Medium-term technical outlook (1-3 weeks) on Geely Automobile (HKG 0175)
Geely Auto was one of the worst performing stocks listed on the Hong Kong stock last year where it declined by a horrendous 49% versus a decline of 14% seen in both the benchmark indices; Hang Seng and Heng Seng China Enterprises (H shares). The main business flow of Geely Auto is derived from China’s automobile market where domestic demand has been weakening since the second half of 2018 due to a tighter credit condition and a sharp drop in consumer sentiment trigger by slower global growth and uncertainties that arise from the on-going trade tensions between U.S. and China.
The share price of Geely Auto has started the new year in 2019 in a sombre mood where its share price continued to tumble to print a low of 10.08 on 08 Jan 2019 which has recorded an accumulated loss of 66% from its current all-time level of 29.80 on 22 Nov 2017. To address the current lacklustre consumer demand seen in China’s domestic market, the state planner; National Development and Reform Commission (NDRC) made an announcement on Tues, 08 Jan on plans to introduce fresh stimulus measures to increase domestic consumer spending on automobiles and appliances. Geely Auto has reacted positively where its share price rallied by 15 % from 08 Jan low to print a high of 11.60 in today, 10 Jan session.
Key technical elements
- Despite the recent rallies seen in the past two days, the primary downtrend in place since its 22 Nov 2017 high of 29.80 remains intact where it has continued to evolve within a descending channel from 12 Jun 2018 high (see daily chart).
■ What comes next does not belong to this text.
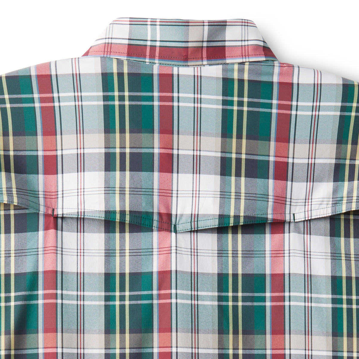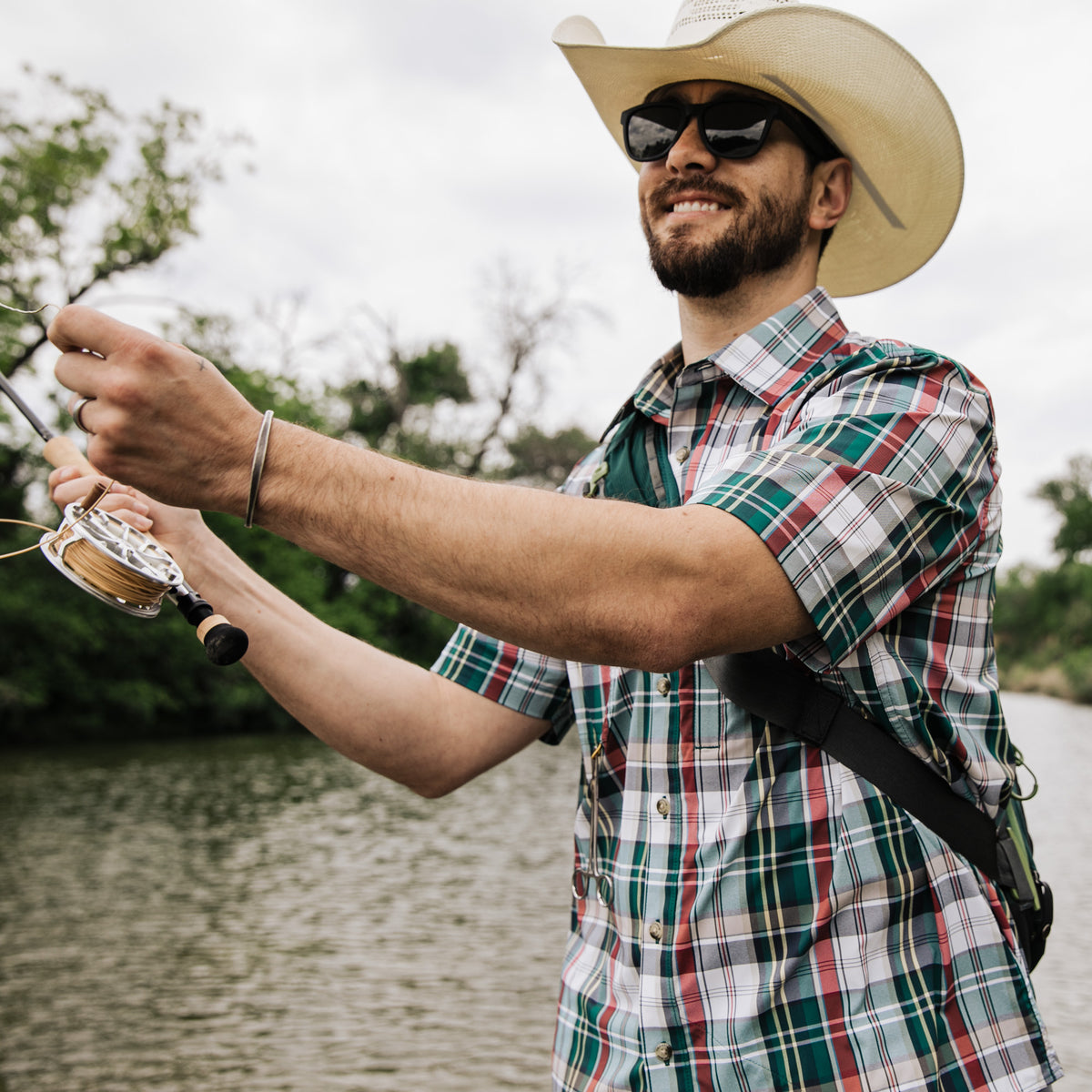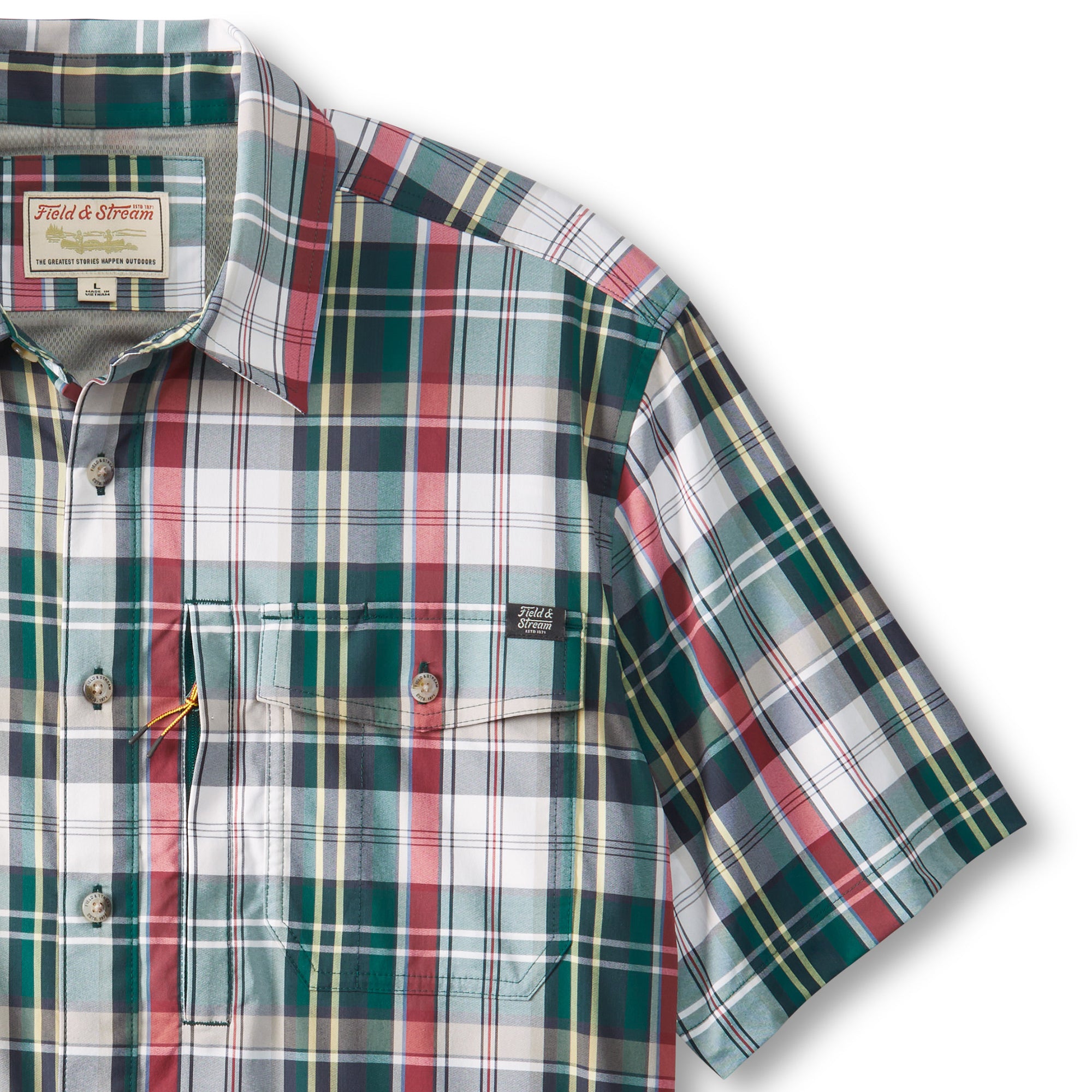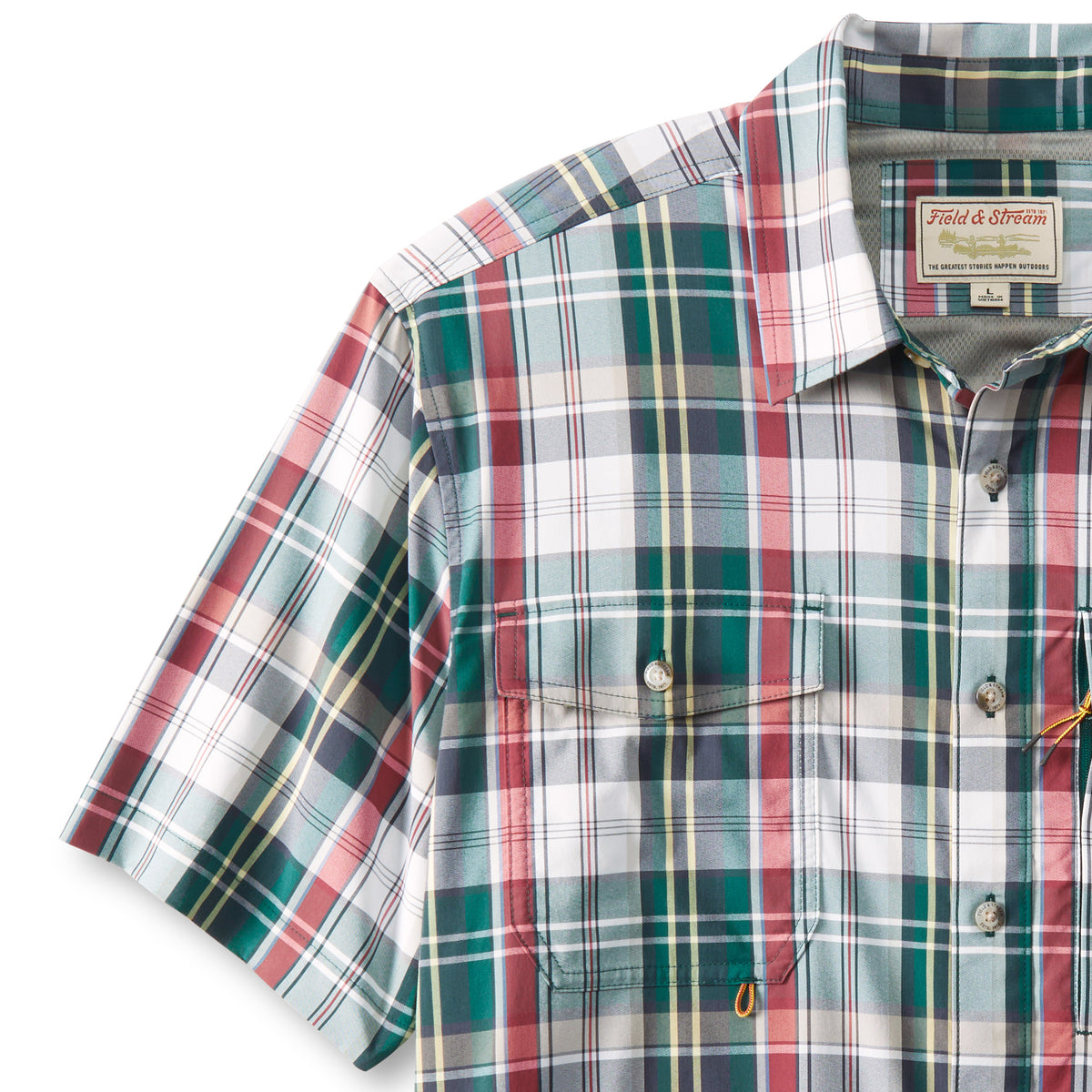 At Field & Stream, we’re always looking for the perfect short sleeve performance fishing shirt, so we designed one for outdoorsmen like us with a custom fit for easy movement. UPF 50, temperature regulating materials, 2-way stretch, woven nylon for extra durability and reduced shrinkage, Spandex for added stretch and recovery. Two chest pockets with flaps that button to keep your essentials close and secure, hidden zipper pocket to safely store small essentials and pencil/sunglass slot. The vented flying V back yoke adds mobility and a nod to the west and is vented for added airflow. Built-in microfiber cleaning cloth at the hem for sunglasses or binoculars.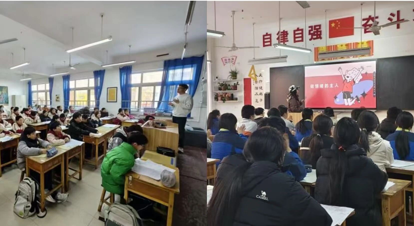沂水县第一中学实践队的同学们于2月8日走进校园,面向中学生开展情绪管理主题讲座。活动中,队员们通过发放线上问卷、课堂问答互动、情绪调节小游戏等形式,引导同学们科学认识情绪、学习调节方法,并在互动环节及时为大家送上书签与福字小礼品,在轻松氛围中普及心理健康知识,传递温暖祝福。

- Also, the rebound from its 08 Jan 2019 low of 10.08 has appeared to be more of a corrective structure rather than the start of a bullish impulsive wave structure to reverse the on-going primary down trend. In the past two trading sessions, the price action has formed bearish candlestick patterns to fill up the immediate gap resistance of 11.52 where it formed a daily “Doji” on 09 Jan followed by a “Shooting Star” at the end of today, 10 Jan session. These observations suggest that the recent positive sentiment has started to wane.
- Momentum readings are also indicating further potential downside. The long-term weekly RSI oscillator still has further room to manoeuvre to the downside before it reaches an extreme oversold level of 21. The daily RSI has reached oversold condition, but it has not flash out a bullish divergence signal.
- The key medium-term resistance stands at 13.82 which is defined by the upper boundary of the descending channel from 12 June 2018 high, the former medium-term swing low area of 13 Nov 2018 low and close to the 61.8% Fibonacci retracement of the last impulsive down move from 03 Dec 2018 high to 08 Jan 2019 low (see daily chart).
- The next significant medium-term support rests at the 8.50/7.10 zone which is defined by the long-term secular ascending trendline in place since Oct 2008 swing low, the lower boundary of the descending channel from 12 Jun 2018 high and a Fibonacci expansion cluster.
Key Levels (1 to 3 weeks)
Immediate resistance: 11.52
Pivot (key resistance): 13.82
Supports: 10.08, 8.50 & 7.10
Next resistance: 20.70
The primary downtrend remains intact for Geely Auto where the key medium-term pivotal resistance stands at 13.82 for a potential impulsive downleg to retest the recent 10.08 low of 08 Jan before targeting the next supports at 8.50 and 7.10.
However, a clearance above 13.82 invalidates the bearish scenario to open up scope for an extension of the corrective rebound towards the former major range support from 29 Sep 2017/27 Apr 2018 now acting as a resistance at 20.70.